Ce sont deux femmes en osmose totale dans le milieu aquatique.
Toute la vie de Jacky s'organisera autour de cet art de vivre, à la fois fantaisiste et décomplexé.
Mais lorsqu'elle est privée de cette pratique quotidienne, quasi physiologique, son état dépressif reprend ses droits.
"... ma mère a deux visages : son visage de maison, obscur, et son visage de natation, lumineux."
Jeunes mariés de la fin de la première guerre mondiale Eugénie et Félix ont eu la chance de aprtir en vacances à Arcachon en 1936 avec leur fille Jackie, née en 1919. tombés amoureux de cette ville, ils choisirent de quitter Viroflay et de s'y installer.
Jackie avait depuis toujours la passion de la natation n'hésitant pas à plonger dans le Grand Canal de Versailles et d'y aligner quelques longueurs sous l'oeil médusé des gardiens et promeneurs ...
Elle s'installera elle aussi à Arcachon après son mariage, n'envisageant pas une seconde de vivre loin de ses parents ...
Chantal, sa fille, grandira près des plages ...
Dans ce roman, elle évoque la passion de Jackie pour l'océan, pour la natation rappelle les couleurs sombres, verdâtres de l'eau, l'écume des vagues, le sable traître pour les bateaux ...Elle se souvient de son enfance entre ville d'été et ville d'hiver avec le flux des estivants, vite repartis en rendant la plage aux vrais résidents ...
Après son veuvage, Jackie tournera la page de l'océan pour se réfugier à Menton puis à Nice, près de la mer où elle pourra enchaîner ses longueurs presque toute l'année ...
Un roman / livre de souvenirs où l'eau est toujours présente, présence rassurante dans un monde incertain ...
Un roman où j'ai aimé me plonger, me laisser bercer et revoir ces villes méconnues ...
http://leslivresdejoelle.blogspot.fr/2018/02/souvenirs-de-la-maree-basse-de-chantal_19.html
Chantal Thomas nous raconte sa mère et leur relation. Sa mère, Jackie née en 1919, avait la particularité de vouer une dévotion fanatique à la nage. Elle pratiquait un crawl élégant, seule dans l'immensité bleue de l'océan près du Bassin d'Arcachon, à une époque où seuls les hommes nageaient alors que les femmes bien élevées restaient sur le rivage "empaquetées de jupons, de robes et de châles, protégées du vent et du soleil."
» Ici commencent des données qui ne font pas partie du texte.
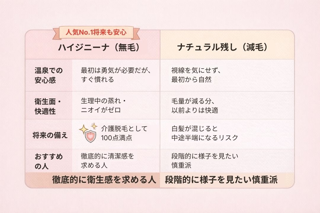 ★滝沢のアドバイス: 迷っているなら、最初の3回だけ「全体照射」をして毛量を減らし、薄くなった状態で一度温泉に行ってみるのがおすすめです。その時に「やっぱり全部ない方が楽そう!」と思えば、そこからハイジニーナに切り替えることができます。
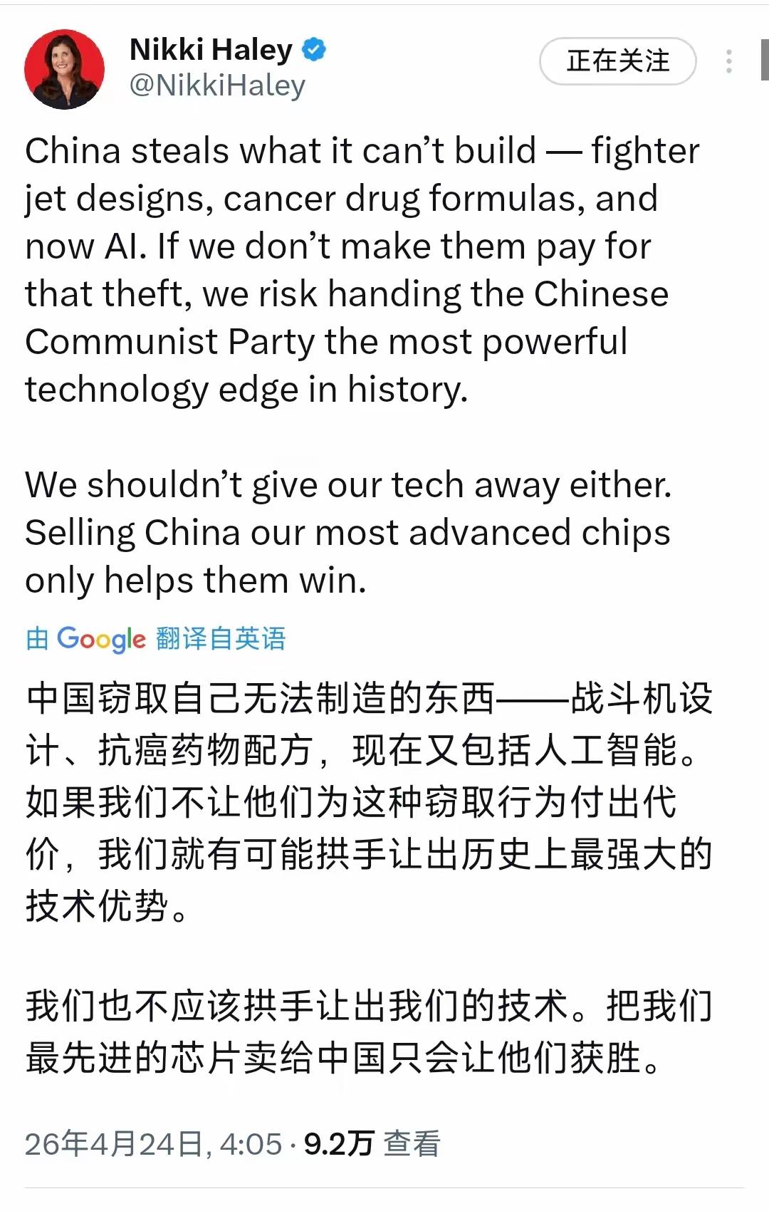 她原话是这么说的:中国专门偷自己造不出来的东西,比如战斗机设计、抗癌药配方,现在连人工智能也偷。还放狠话,说要是不让中国为这种“偷窃”付出代价,美国就会拱手让出最强大的技术优势,甚至警告不能把最先进的芯片卖给中国,不然中国就会“获胜”。
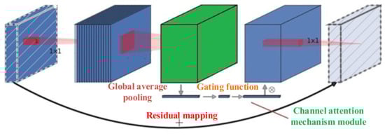 Differently from the traditional visual saliency mechanism, the channel attention mechanism can be considered as a general network optimization method, which can directs the limited system computing resources to deal with the most sensitive part of the input signal [34]. From the recognizing and understanding of specific targets to the construction of sequence-based deep models, the advantages of the channel attention mechanism have been reflected in a series of pattern recognition tasks. The channel attention mechanism module in a deep neural network is usually realized by gating functions (such as swish or sigmoid) and information-sorting technology.
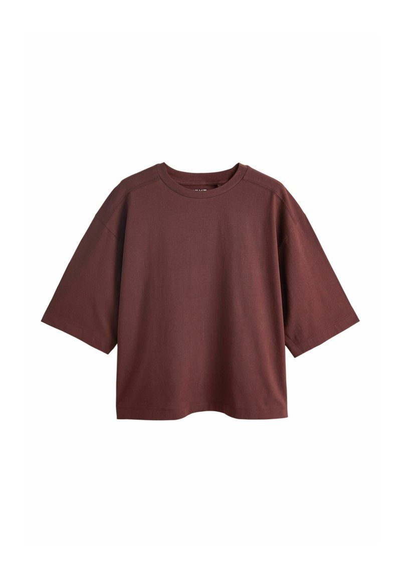 RELAXED BOXY ELBOW LENGTH CREW NECK - T-shirt basic - chocolate brown
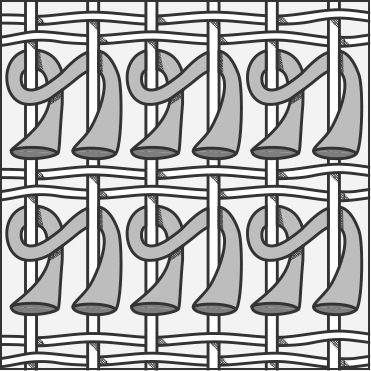 絡め方には「ペルシャ結び」と「トルコ結び」があります。ペルシャ結びは、2本の縦糸に対し、横糸を1本にくるりと回し、もう1本の縦糸に引っ掛ける状態になっています。トルコ結びは横糸を2本の縦糸の外側から回し、2本の間から横糸を出していきます。
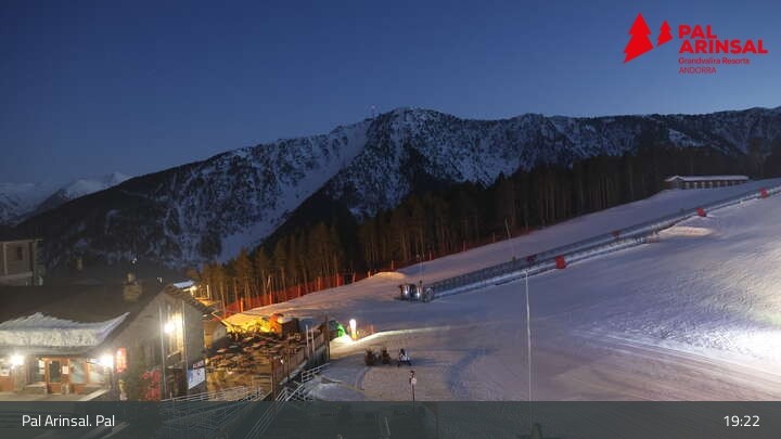 Archived webcam image showing Vallnord - Pal: View of La Massana Base Station on 26 Feb 2026 at 19:32 Aktuell
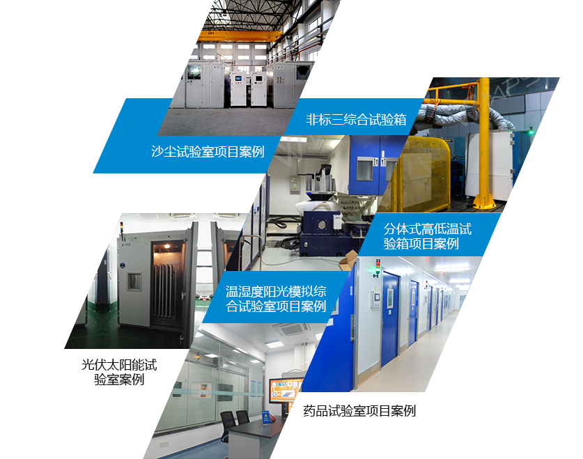 公司主要产品:高低温试验箱、高低温交变湿热试验箱、超大型步入式温湿度试验舱、快速温变(湿热)试验箱(步入式)、高温箱、温度冲击试验箱(两箱式和三箱式)、盐雾腐蚀试验箱(复合交变湿热、复合交变湿热盐水喷射)、砂尘试验箱(国标与军标)、淋雨试验箱(国标系列和军标系列)、臭氧箱、二氧化硫箱、三综合(四综合)试验箱、阳光模拟试验箱、综合环境试验舱(含高低温循环/阳光模拟/阵风/淋雨/降雪试验)、氢燃料电池/发动机环境模拟试验舱系列、超低温箱、低气压(湿热)试验箱、紫外老化箱及非标可靠性试验设备。
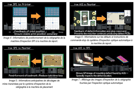 4. La transmission des informations anticipatives de décalages de mires par la machine d’inspection de la sérigraphie au système de placement raccourcit les temps de cycles (Image 5) ;
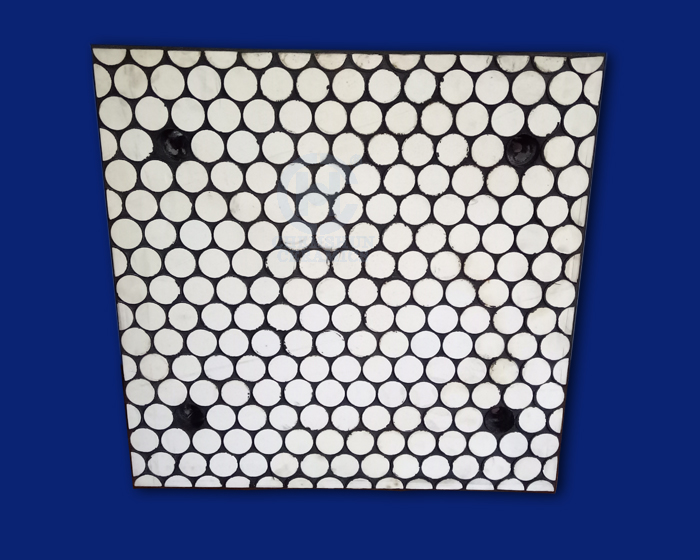 陶瓷橡膠復合板可分為兩種,一種是陶瓷加橡膠二合一的復合板,采用橡膠熱硫化方式,將陶瓷和橡膠硫化在一起,再用專用膠水粘貼于設備上,形成具有一定緩沖力的耐磨層,結(jié)合了陶瓷的高硬度、耐磨損與橡膠的高韌性方面的優(yōu)點,可以有效的分解物料對襯板的沖擊力。非常適用于需要承受較大沖擊力的設備做防磨,比如鋼鐵廠的燒結(jié)系統(tǒng)、料斗、料倉等落差高沖擊大的部位上。

C'était aussi une femme qui, jeune fille aux allures de garçon, avait eu l'audace de plonger dans le Grand Canal à Versailles pour y nager tranquillement sous les yeux ébahis des gardiens.
Jackie était obsédée par le sport mais ne pratiquait la compétition que contre elle-même, nageant avec frénésie, coachée par son père, tous deux chercheurs de l'excellence. Mais elle dépensait toute son énergie dans la nage et ne savait pas comment s'occuper en dehors de ces moments, elle n'était pas faite pour une vie de femme au foyer, rebutée par les devoirs de ménagère et vivait sa maison comme une prison.
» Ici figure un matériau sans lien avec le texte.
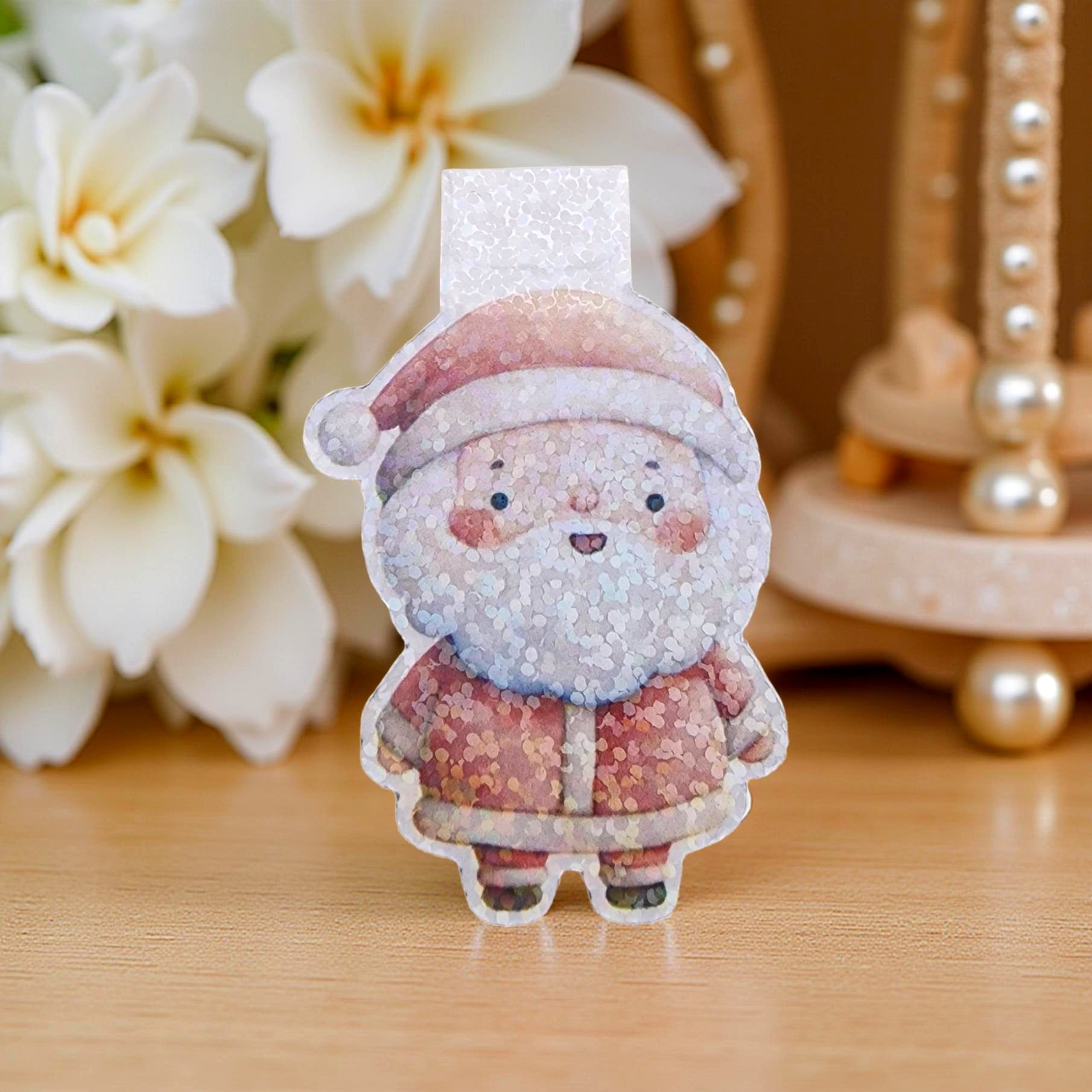 Magnetisches Lesezeichen "Weihnachtsmann" mit Glitzerfolie – Handgemacht & Funkelnd

"Ma mère a deux visages : son visage de maison, obscur, et son visage de natation, lumineux."
Chantal Thomas évoque à demi mots la dépression de sa mère sujette à des sautes d'humeur et des angoisses, elle la décrit comme une femme lunatique qui vivait dans " la bulle de son présent " et évoque son père enfermé dans son silence. Une mère indifférente à toute notion de transmission qui ne pouvait imaginer vivre ailleurs que près de ses propres parents dans le bassin d'Arcachon, lieu symbole de vacances "pour se réfugier dans une sorte de vide ou de vacuité" et qui, devenue jeune veuve, éprouvera le besoin d'autres rivages et s'installera à Cap Ferrat sur la côte d'Azur. Chantal Thomas résume bien sa mère en nous donnant sa devise : "sport, vacances, joie, soleil."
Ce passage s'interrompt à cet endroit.